CSE 546, Autumn 2018 Machine Learning

Lecture: Tuesday, Thursday 11:30-12:50 Room: KNE 220

Contact: cse546-instructors@cs.washington.edu

Discussion: We will be using Mattermost, a secure Slack clone (invite link works if you're registered, email instructors for access otherwise)

Office Hours (check discussion board for exceptions):

TA, Jifan Zhang (jifan@uw), Monday 3:30-4:30 PM, CSE 4th floor breakout
TA, An-Tsu Chen (atc22@uw), Wednesday 4:00-5:00 PM, CSE 220
TA, Pascal Sturmfels (psturm@uw), Wednesday 9:00AM-10:00 AM, CSE 007
TA, Beibin Li (beibin@uw), Wednesday 1:30-2:30 PM, CSE 220
TA, Alon Milchgrub (alonmil@uw), Thursday 10:00-11:00AM, CSE 220
TA, Kung-Hung (Henry) Lu (henrylu@uw), Friday 12:30-1:30 PM, CSE 007
Instructor, Tuesday 4:00-5:00 PM, CSE 666

About the Course and Prerequisites

Machine learning explores the study and construction of algorithms that can learn from historical data and make inferences about future outcomes. This study is a marriage of algorithms, computation, and statistics so this class will be have healthy doses of each. The goals of this course are to provide a thorough grounding in the fundamental methodologies and algorithms of machine learning.

Prerequisites: Students entering the class should be comfortable with programming and should have a pre-existing working knowledge of linear algebra (MATH 308), vector calculus (MATH 324), probability and statistics (MATH 394/STAT390), and algorithms. For a brief refresher I recommend you consult the linear algebra and statistics/probability reference materials below.

Textbook and reference materials

I will assign reading out of the following texts because they are excellent and their PDFs are offered for free by the authors.

[HTF] The Elements of Statistical Learning: Data Mining, Inference, and Prediction, Trevor Hastie, Robert Tibshirani, Jerome Friedman.
[EH] Computer Age Statistical Inference: Algorithms, Evidence and Data Science, Bradley Efron, Trevor Hastie.

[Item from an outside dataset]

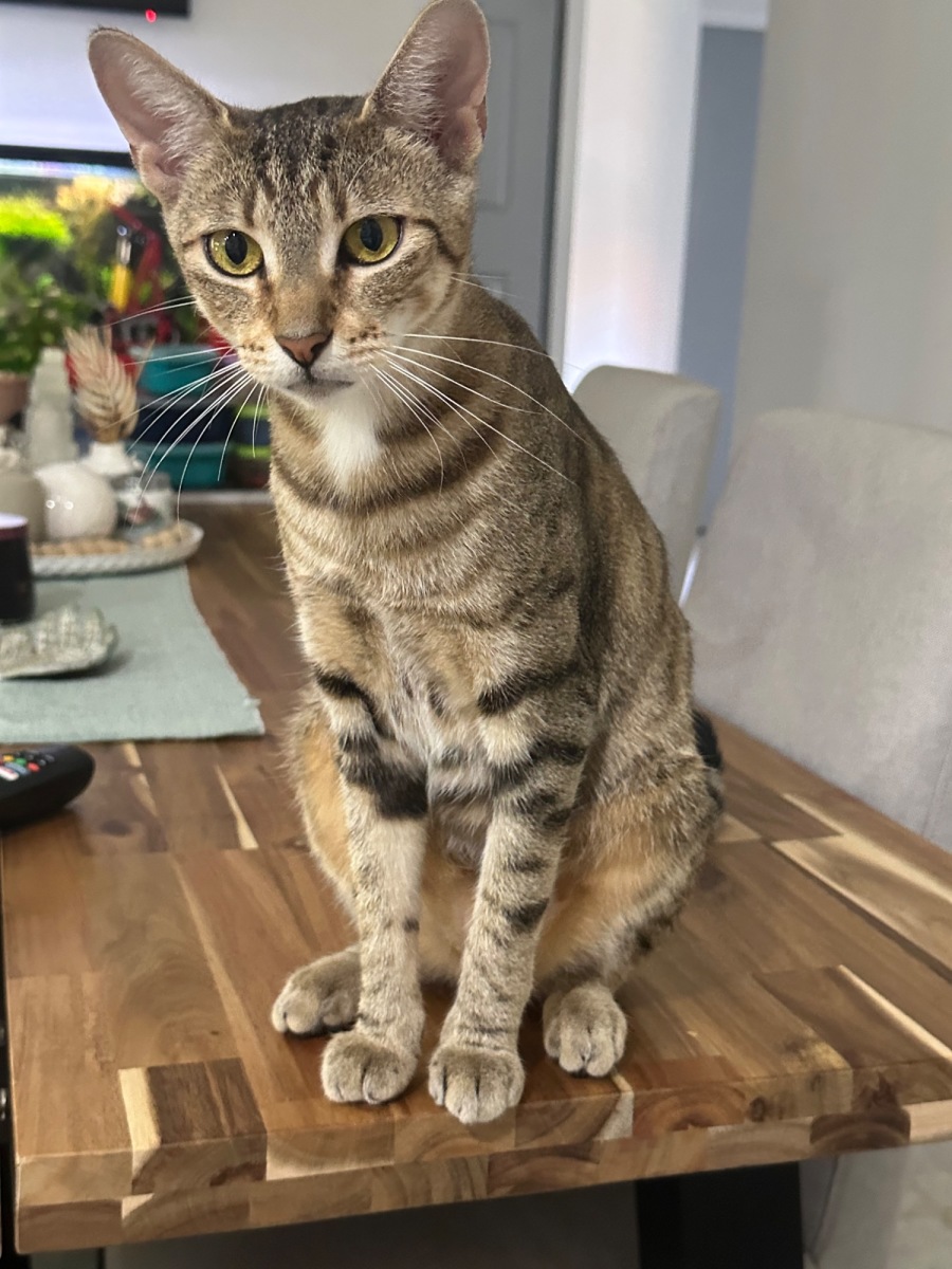I’m not your typical domestic short hair—I have striking features that resemble an Abyssinian or Egyptian Mau, though my exact heritage is a mystery. What I can say for sure is that I’m a total lovebug who adores human company.

If you buy one ML book, I would recommend HTF of above. If you buy an additional ML book, I would recommend Shalev-Schwartz and Ben-David of below.
You may also find these reference materials useful throughout the quarter.

Machine Learning

Understanding Machine Learning: From Theory to Algorithms, Shai Shalev-Shwartz, Shai Ben-David. A gentle introduction to theoretical machine learning.
Machine Learning: A Probabilistic Perspective, Kevin Murphy. A more Bayesian approach to machine learning.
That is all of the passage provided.